> EXERCISE AIM: Please keep to the lines below from the one with "ON !   + プラズマクラスター標準運転 !" through the one with "神驹小南可将手中的千幻蝶化作", and restate them word for word, ends included.

> THE DATA:
_____
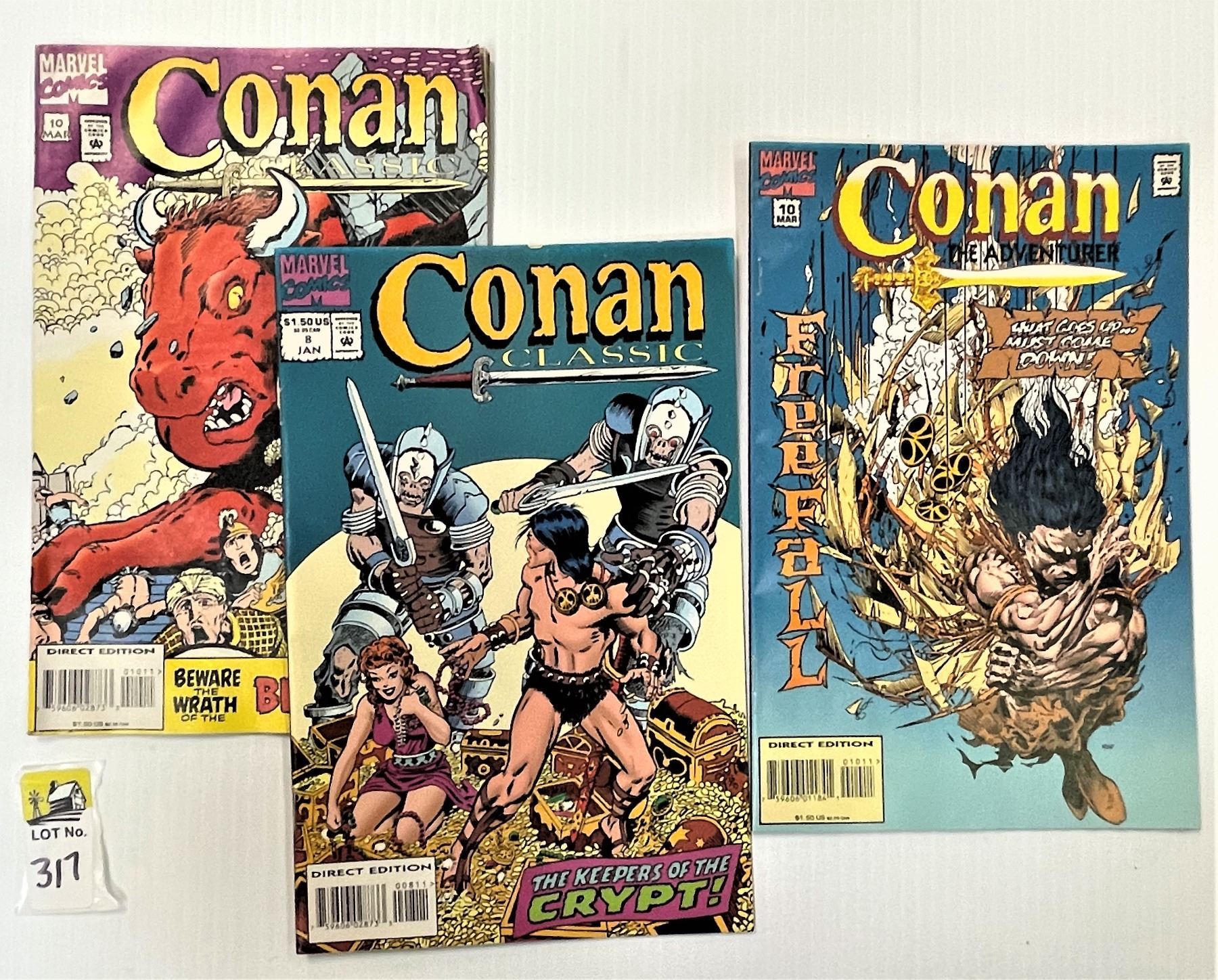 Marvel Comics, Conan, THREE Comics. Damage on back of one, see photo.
_____
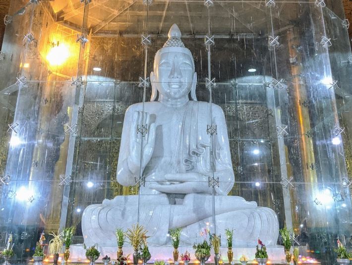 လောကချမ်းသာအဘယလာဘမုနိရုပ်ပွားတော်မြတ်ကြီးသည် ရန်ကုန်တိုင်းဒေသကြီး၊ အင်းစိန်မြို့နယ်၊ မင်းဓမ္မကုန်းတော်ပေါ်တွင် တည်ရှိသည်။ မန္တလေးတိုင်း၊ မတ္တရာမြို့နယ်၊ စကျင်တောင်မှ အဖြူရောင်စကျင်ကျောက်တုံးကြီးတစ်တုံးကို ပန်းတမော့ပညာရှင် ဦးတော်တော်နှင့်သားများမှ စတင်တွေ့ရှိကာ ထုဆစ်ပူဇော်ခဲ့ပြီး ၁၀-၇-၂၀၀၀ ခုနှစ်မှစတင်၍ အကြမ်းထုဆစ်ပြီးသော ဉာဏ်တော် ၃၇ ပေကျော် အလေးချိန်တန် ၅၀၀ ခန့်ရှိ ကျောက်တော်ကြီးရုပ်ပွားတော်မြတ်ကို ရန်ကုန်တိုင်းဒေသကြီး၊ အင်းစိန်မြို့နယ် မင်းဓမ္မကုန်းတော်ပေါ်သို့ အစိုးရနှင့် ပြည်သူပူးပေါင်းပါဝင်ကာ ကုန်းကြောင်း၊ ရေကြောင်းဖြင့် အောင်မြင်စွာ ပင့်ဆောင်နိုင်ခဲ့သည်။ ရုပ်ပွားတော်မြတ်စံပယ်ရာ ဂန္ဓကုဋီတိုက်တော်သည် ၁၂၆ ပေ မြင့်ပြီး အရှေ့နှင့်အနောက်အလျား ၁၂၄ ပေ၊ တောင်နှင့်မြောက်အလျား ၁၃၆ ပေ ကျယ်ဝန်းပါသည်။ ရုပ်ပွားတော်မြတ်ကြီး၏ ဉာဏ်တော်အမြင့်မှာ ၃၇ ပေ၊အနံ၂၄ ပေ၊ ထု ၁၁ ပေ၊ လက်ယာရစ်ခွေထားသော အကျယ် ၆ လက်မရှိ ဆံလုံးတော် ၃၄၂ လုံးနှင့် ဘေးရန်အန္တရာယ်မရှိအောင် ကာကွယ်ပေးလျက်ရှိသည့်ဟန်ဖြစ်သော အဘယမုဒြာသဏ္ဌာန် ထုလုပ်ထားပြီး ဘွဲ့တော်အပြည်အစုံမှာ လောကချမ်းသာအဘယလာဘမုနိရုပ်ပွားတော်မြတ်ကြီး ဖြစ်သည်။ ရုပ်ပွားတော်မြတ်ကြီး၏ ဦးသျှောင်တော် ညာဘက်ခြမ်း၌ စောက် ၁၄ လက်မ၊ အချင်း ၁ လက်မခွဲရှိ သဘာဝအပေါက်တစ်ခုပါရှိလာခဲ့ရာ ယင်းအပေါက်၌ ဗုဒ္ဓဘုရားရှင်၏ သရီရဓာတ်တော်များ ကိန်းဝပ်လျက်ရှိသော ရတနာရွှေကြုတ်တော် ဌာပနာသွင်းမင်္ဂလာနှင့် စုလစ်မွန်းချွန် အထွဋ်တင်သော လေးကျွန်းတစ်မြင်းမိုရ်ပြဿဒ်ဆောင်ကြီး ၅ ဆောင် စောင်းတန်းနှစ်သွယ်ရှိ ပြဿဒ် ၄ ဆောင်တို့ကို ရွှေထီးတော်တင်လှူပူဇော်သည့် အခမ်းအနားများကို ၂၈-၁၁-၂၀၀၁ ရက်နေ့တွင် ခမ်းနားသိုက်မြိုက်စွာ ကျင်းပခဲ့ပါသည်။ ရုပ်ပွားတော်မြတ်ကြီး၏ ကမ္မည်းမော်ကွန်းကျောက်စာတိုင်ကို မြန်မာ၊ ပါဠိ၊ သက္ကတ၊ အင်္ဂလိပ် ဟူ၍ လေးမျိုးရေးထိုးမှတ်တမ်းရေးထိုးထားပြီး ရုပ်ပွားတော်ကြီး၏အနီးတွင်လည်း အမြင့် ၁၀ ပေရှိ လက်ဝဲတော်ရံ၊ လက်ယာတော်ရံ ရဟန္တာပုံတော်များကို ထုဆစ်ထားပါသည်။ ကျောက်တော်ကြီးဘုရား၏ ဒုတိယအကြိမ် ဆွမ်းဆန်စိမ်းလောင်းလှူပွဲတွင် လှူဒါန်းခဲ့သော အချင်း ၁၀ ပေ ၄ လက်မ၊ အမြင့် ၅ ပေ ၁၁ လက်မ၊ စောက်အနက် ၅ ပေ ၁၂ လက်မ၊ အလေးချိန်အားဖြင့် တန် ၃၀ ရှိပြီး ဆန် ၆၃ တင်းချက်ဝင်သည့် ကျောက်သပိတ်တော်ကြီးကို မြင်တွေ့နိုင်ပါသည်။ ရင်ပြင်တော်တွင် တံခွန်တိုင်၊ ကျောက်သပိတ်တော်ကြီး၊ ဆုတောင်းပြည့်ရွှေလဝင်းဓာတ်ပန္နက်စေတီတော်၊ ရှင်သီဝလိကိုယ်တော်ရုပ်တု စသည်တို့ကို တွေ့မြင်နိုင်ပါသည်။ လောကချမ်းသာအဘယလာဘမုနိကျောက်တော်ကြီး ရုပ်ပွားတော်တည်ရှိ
_____
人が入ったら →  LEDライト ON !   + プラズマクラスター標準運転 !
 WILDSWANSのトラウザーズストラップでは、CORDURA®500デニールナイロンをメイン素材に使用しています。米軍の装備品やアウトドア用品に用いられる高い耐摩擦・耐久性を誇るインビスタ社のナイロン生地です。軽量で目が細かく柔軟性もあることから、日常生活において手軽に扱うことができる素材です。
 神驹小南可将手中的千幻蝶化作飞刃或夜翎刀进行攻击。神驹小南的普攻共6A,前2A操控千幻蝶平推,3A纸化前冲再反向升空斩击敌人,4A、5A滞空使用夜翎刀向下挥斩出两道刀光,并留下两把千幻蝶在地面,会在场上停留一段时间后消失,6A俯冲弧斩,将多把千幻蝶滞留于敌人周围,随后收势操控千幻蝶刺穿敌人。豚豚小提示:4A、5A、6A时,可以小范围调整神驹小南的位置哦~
_____
> SOLUTION TO THE PROBLEM:
人が入ったら →  LEDライト ON !   + プラズマクラスター標準運転 !
 WILDSWANSのトラウザーズストラップでは、CORDURA®500デニールナイロンをメイン素材に使用しています。米軍の装備品やアウトドア用品に用いられる高い耐摩擦・耐久性を誇るインビスタ社のナイロン生地です。軽量で目が細かく柔軟性もあることから、日常生活において手軽に扱うことができる素材です。
 神驹小南可将手中的千幻蝶化作飞刃或夜翎刀进行攻击。神驹小南的普攻共6A,前2A操控千幻蝶平推,3A纸化前冲再反向升空斩击敌人,4A、5A滞空使用夜翎刀向下挥斩出两道刀光,并留下两把千幻蝶在地面,会在场上停留一段时间后消失,6A俯冲弧斩,将多把千幻蝶滞留于敌人周围,随后收势操控千幻蝶刺穿敌人。豚豚小提示:4A、5A、6A时,可以小范围调整神驹小南的位置哦~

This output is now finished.